“Dois Córregos – Verdades Submersas no Tempo” é um filme brasileiro de 1999, do gênero drama, dirigido por Carlos Reichenbach e estrelado por Beth Goulart, Carlos Alberto Riccelli, Vanessa Goulart, Luciana Brasil e Ingra Liberato.
Em meio à repressão imposta pela ditadura militar vivem Ana Paula (Vanessa Goulart) e Lydia (Luciana Brasil), duas adolescentes burguesas e inexperientes, que passam uma temporada no campo. Lá, elas conhecem Tereza (Ingra Liberato) e convivem por um fim de semana prolongado com o tio de uma delas, Hermes (Carlos Alberto Riccelli), um homem misterioso, que está clandestino no país.

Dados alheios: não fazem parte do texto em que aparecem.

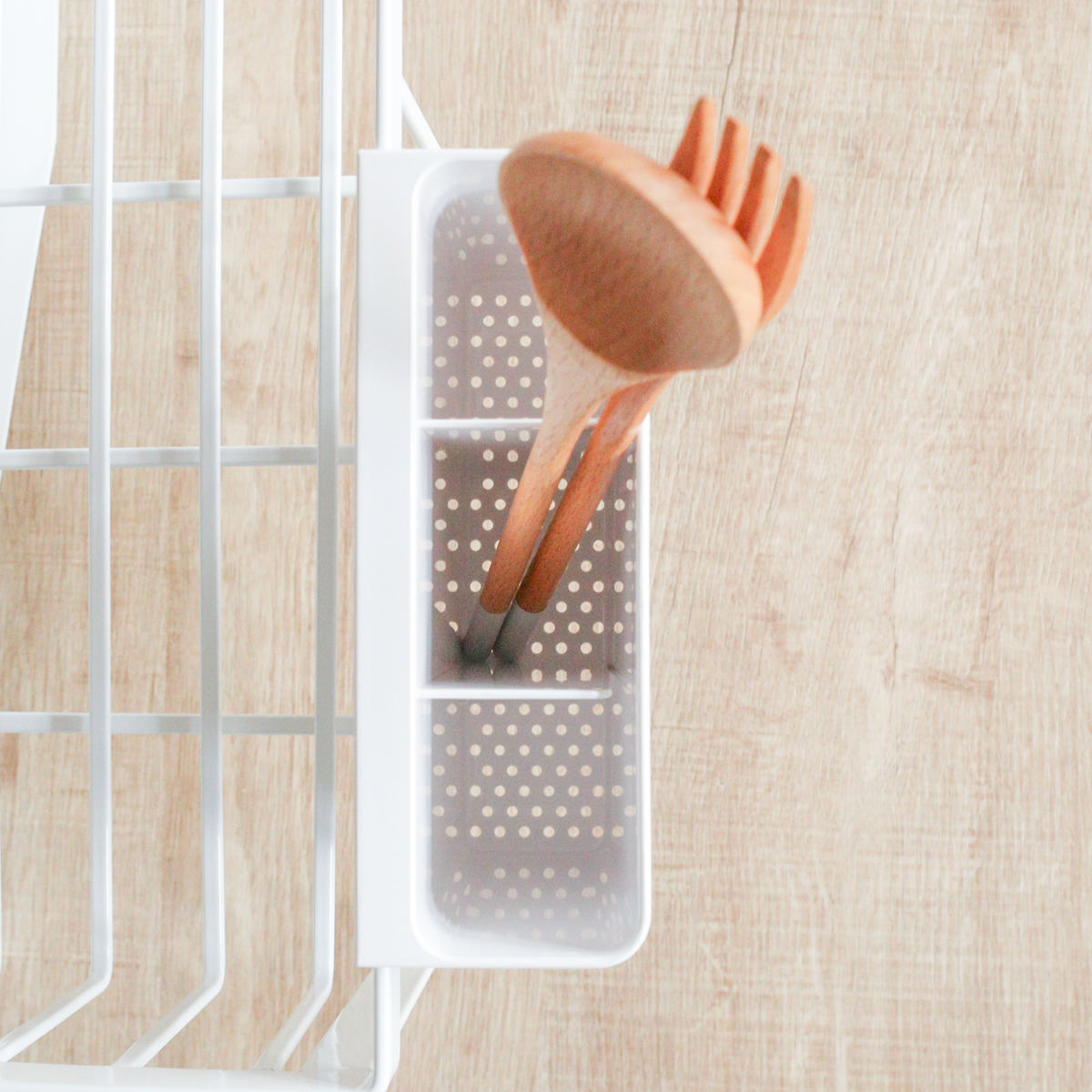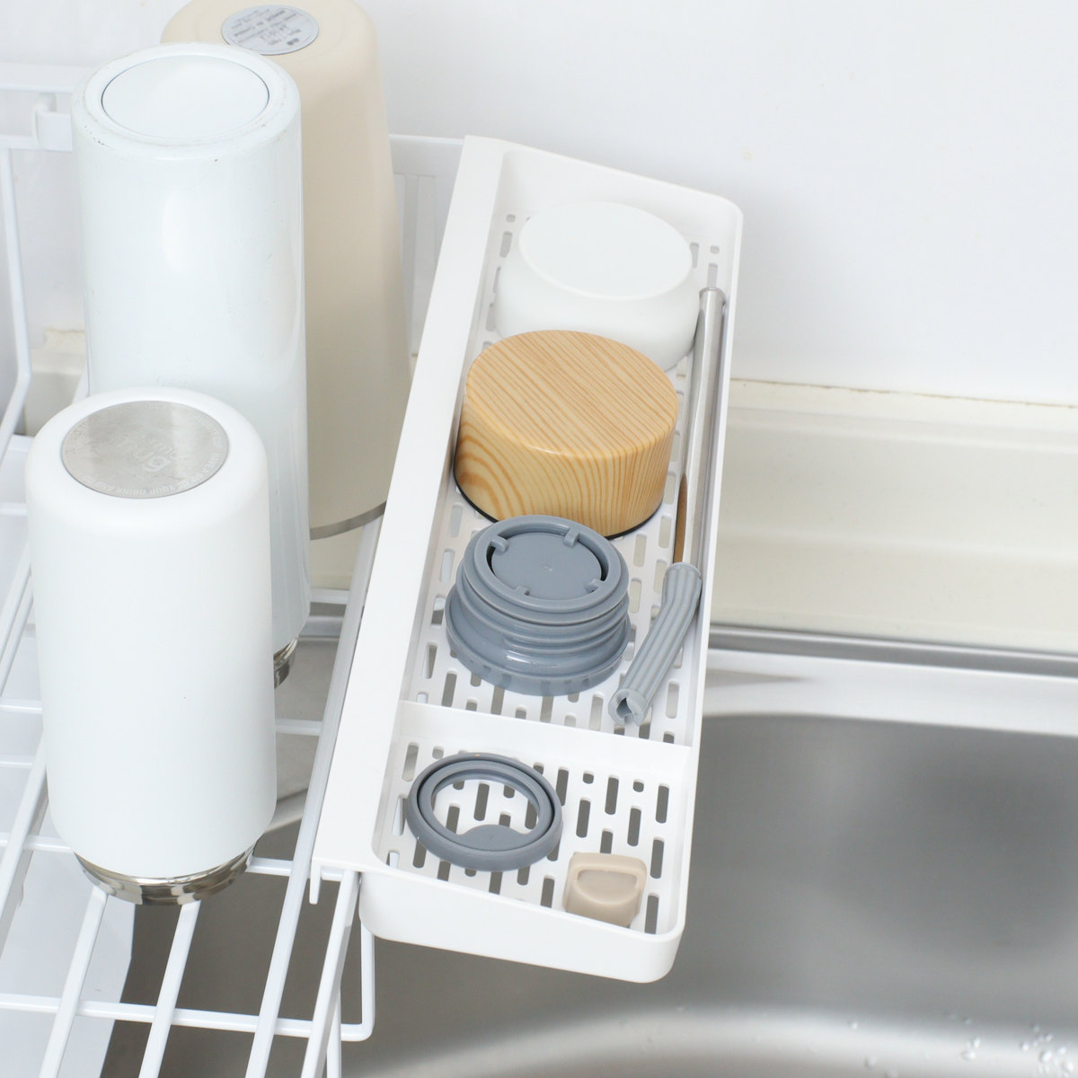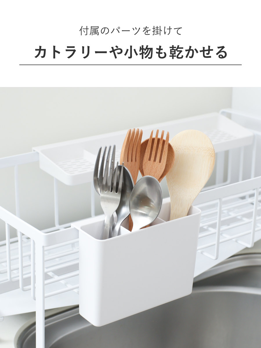 カトラリーポケットとカトラリートレーが付属します。どちらも仕切り付きでカトラリーやお弁当小物、寝かせた包丁など整理整頓しながら乾かせます。スペースや食器の量に合わせてラックの内側と外側、自由に配置できます。また、別売りのフックを付けると輪ゴムや水筒パッキン、スポンジなどの小物を掛けて収納できます。

"Dois Córregos" trabalha com o assunto mais cinematográfico e ao mesmo tempo mais difícil de ser capturado em imagens: a memória sentimental. "Verdades Submersas no Tempo" é o subtítulo significativo do filme, que se dedica inteiramente a essa abstração, avessa à expressão verbal, que é a saudade.
Nesse terreno, um acerto que não se destrua pela pieguice ou pelo didatismo vale um filme inteiro. "Dois Córregos" é todo permeado por esses acertos e, por isso, apesar dos ocasionais escorregões, um grande filme.
Uma mulher madura retorna ao sítio de sua infância para expulsar os grileiros e tomar posse da casa agora arruinada. Ao mirar uma nesga de rio entre as árvores -uma imagem simples, nem sequer bonita- seus olhos de repente se enchem de água. Antes do "flashback" de sua adolescência, antes de qualquer fala, o espectador já sabe de tudo: da epifania ocorrida no passado, da falta no presente, da cicatriz que ficou para sempre.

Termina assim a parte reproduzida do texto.